This study was conducted to assess the quality of soil in terms of soil nutrients and other physico-chemical properties under Tectona grandis and Albizia lebbeck plantations.

Systematic sampling was used to collect soil samples diagonally at eight spots in each plantation and their adjacent non-tree fields as controls. The samples were collected from

soil depth of 0 to 20 cm in both plantations and controls and analyzed for pH, % of Organic carbon (O-C), % of Nitrogen (N), available Phosphorus (P) and Bulk density (Db).
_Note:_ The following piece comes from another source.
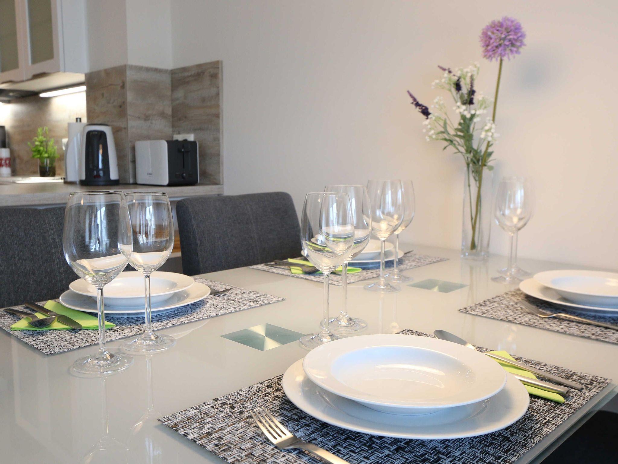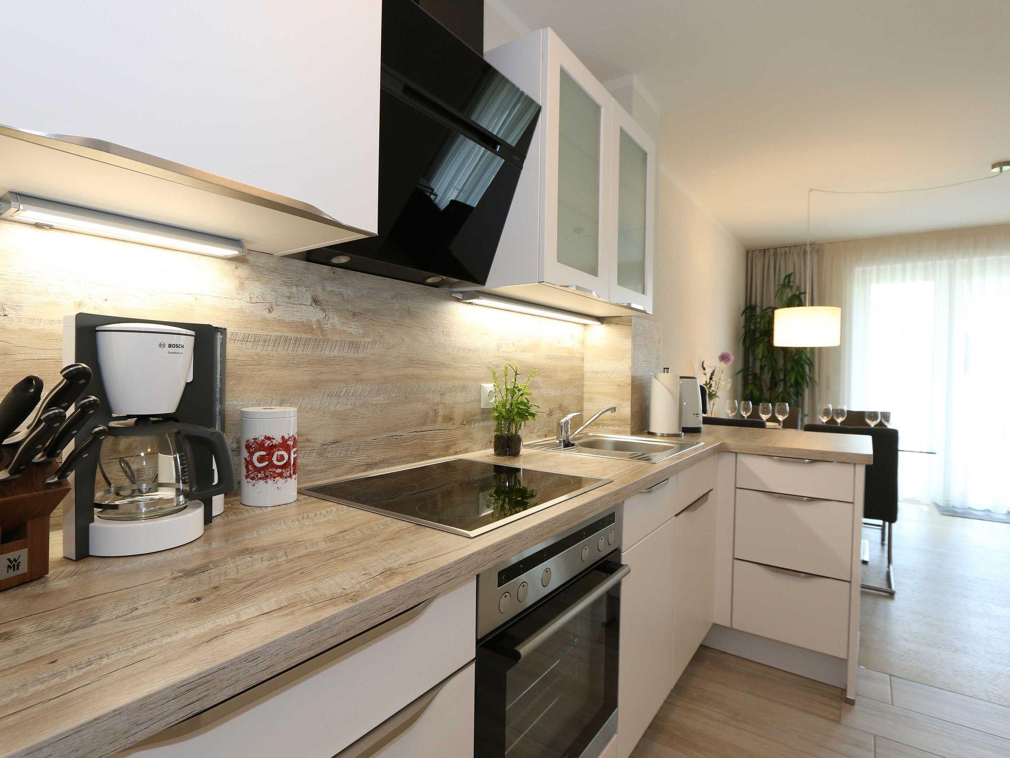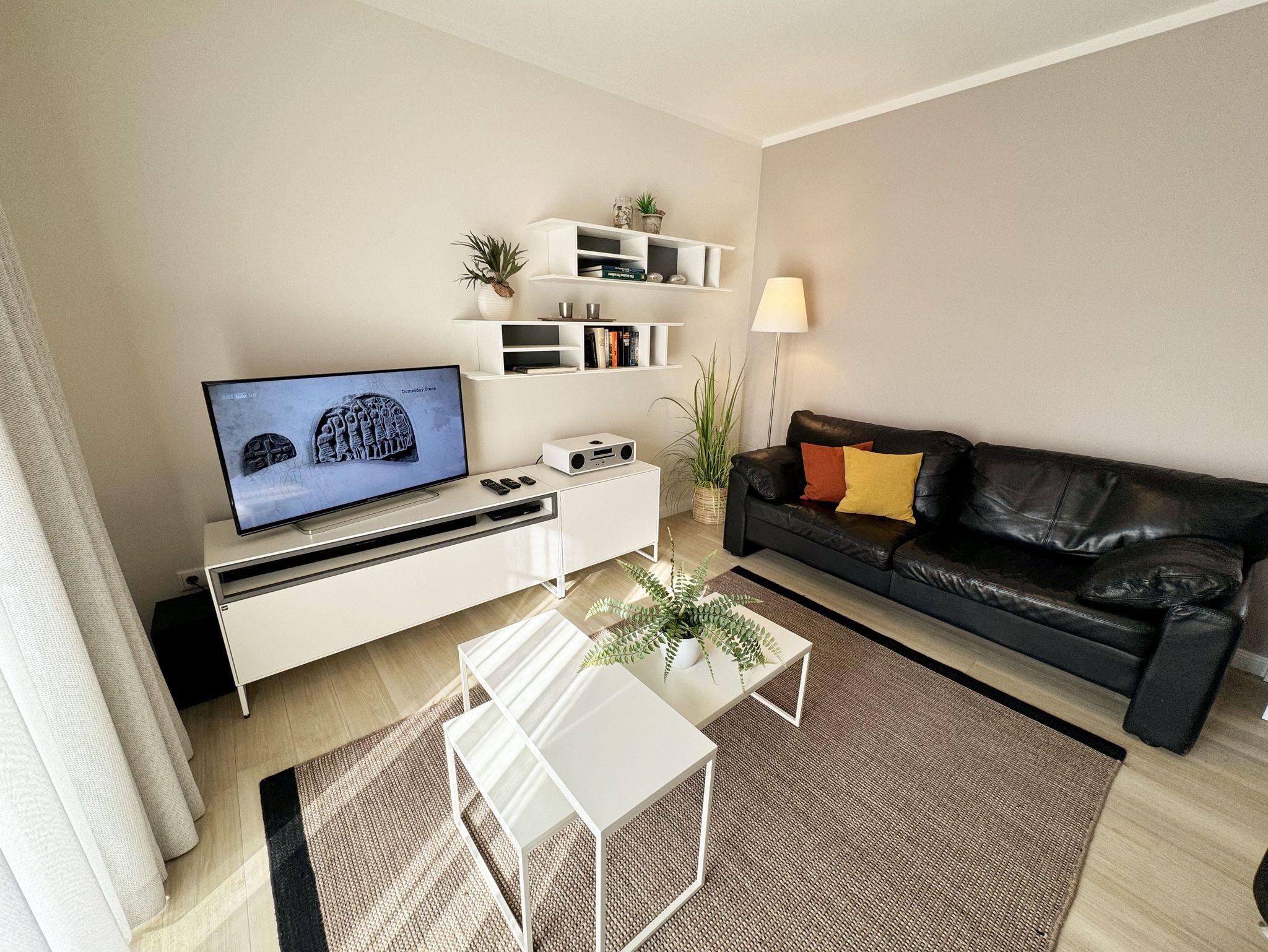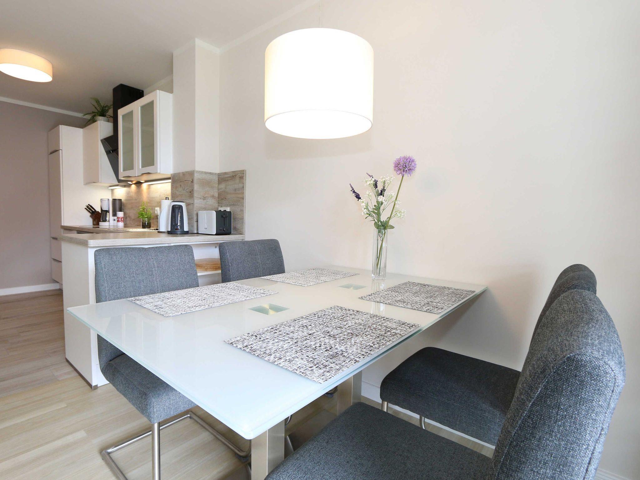 Die 70 m² große Nichtraucherwohnung Nr. 02 Seeschwalbe im Haus Windrose befindet sich im Erdgeschoss und bietet Ihnen Platz für 2 bis max. 4 Erwachsene. Eine durchdachte Raumaufteilung sowie eine hochwertige Ausstattung bieten Ihnen alle Möglichkeiten für einen erholsamen Urlaub. Die eingerichtete Einbauküche befindet sich im kombinierten Koch-/Essbereich. Ein Geschirrspüler, ein Kühlschrank mit Eisfach, 4 Zonen Ceranfeld mit Backofen, eine Kaffeemaschine Mokkamaster KBG Select, ein Toaster, ein Wasserkocher, sowie diverse Küchenutensilien bietet Ihnen somit alles, was Sie zum Kochen benötigen. Im angrenzenden Essbereich steht ein großer Esstisch mit 4 Stühlen zur Verfügung. Von dem Ess-/Wohnbereich gelangen Sie direkt auf die bestuhlte 26 m² Terrasse (Süd/West) davon 13 m² überdacht sowie ein Sonnenschirm und Relaxsessel. Entspannen und Relaxen Sie in einem Wohnbereich der mit modernen weißen Hülsta Möbeln, eine gemütliche Ledercouch sowie 2 Sessel, zwei Couchtischen und zwei Stehlampen ausgestattet ist. Ein DAB-Radio mit CD-Player und Bluetooth, ein Smart-TV mit Soundbar, ein Blu-Ray-Player sowie diverse Gesellschaftsspiele tragen zu Ihrer Unterhaltung bei. Auch im Urlaub brauchen Sie auf einen Internetanschluß (WLAN) nicht verzichten. Dieser ist für Sie inklusive. Ein Schlafzimmer ist mit einem großen Schwebetürenschrank für Ihre Urlaubsgarderobe, mit einem bequemen Boxspringbett Hülsta (1,80 m x 2,00 m, durchgehender Topper), zwei Nachttischablagen und zwei Leselampen ausgestattet. Das kleine Schlafzimmer ist mit zwei übereckstehenden Liegen (0,80 m x 2,00 m), zwei Leselampen, diversen Ablagemöglichkeiten und zwei kleinen Schränken eingerichtet. Das moderne Bad mit Waschplatz, WC, Fön, Spiegelschrank, Kosmetikspiegel, einer ebenerdigen komfortablen Regendusche mit Echtglasabtrennung und einen Handtuchtrockner runden den Sanitärbereich ab. Eine Waschmaschine, ein Wäscheständer, ein Bügeleisen mit Bügelbrett, sowie ein Staubsauger stehen Ihnen zur Verfügung. Alle Räumlichkeiten sind mit Insektenschutzgitter, einer Fußbodenheizung sowie einer Raumlüftungsanlage ausgestattet und können durch Fensterläden verdunkelt werden. Ein PKW kann auf dem kostenfreien Stellplatz Nr. 02 direkt am Haus geparkt werden. Ihre mitgebrachten oder geliehenen Fahrräder können Sie in den zur Wohnung gehöhrenden abschließbaren Abstellraum Nr. 02 (am PKW Stellplatz) unterbringen. Hier befindet sich auch eine Anschlussmöglichkeit zum Aufladen von Pedelecs. Direkt am Haus befindet sich ein Grillplatz mit Sitzgelegenheiten. Haustiere sind nicht erlaubt. Die Erstausstattung eines Wäschepaketes (komplette Bettwäsche, 1 Duschhandtuch, 2 kleine Handtücher) können Sie bis 14 Tage vor Anreise gegen einen Aufpreis dazu buchen oder durch eigene ergänzen. Ab 2 gebuchten Paketen erhalten Sie einmalig 1 Geschirrhandtuch und 1 Duschvorleger hinzu. Wir wünschen Ihnen einen traumhaften und angenehmen Urlaub an der Ostsee, erholen Sie sich gut.

The study revealed that the mean levels of N, O-C and P under the T. grandis plantation were higher than its control plot. However, there was no significant difference in the level of N except for the O-C and P. Also, the pH and Db under the T. grandis were lower than

its control plot but there was no significant difference between them. There was significant difference in the levels of N, O-C and P under the A. lebbeck plantation and its control plot. The N, O-C and P were higher under the A. lebbeck plantation compared to its

control plot. The pH and Db were lower under the A. lebbeck plantation compared to its control plot. However, the differences were not significant. In general, A. lebbeck added more N and O-C to the soil compared to T. grandis. Also, the T. grandis added more P to

the soil when compared to the A. lebbeck; however, the difference was not significant. It is therefore, recommended that A. lebbeck and T. grandis should be used for agro forestry practices particularly, where the soil needs some level of improvement in nitrogen and

phosphorus respectively.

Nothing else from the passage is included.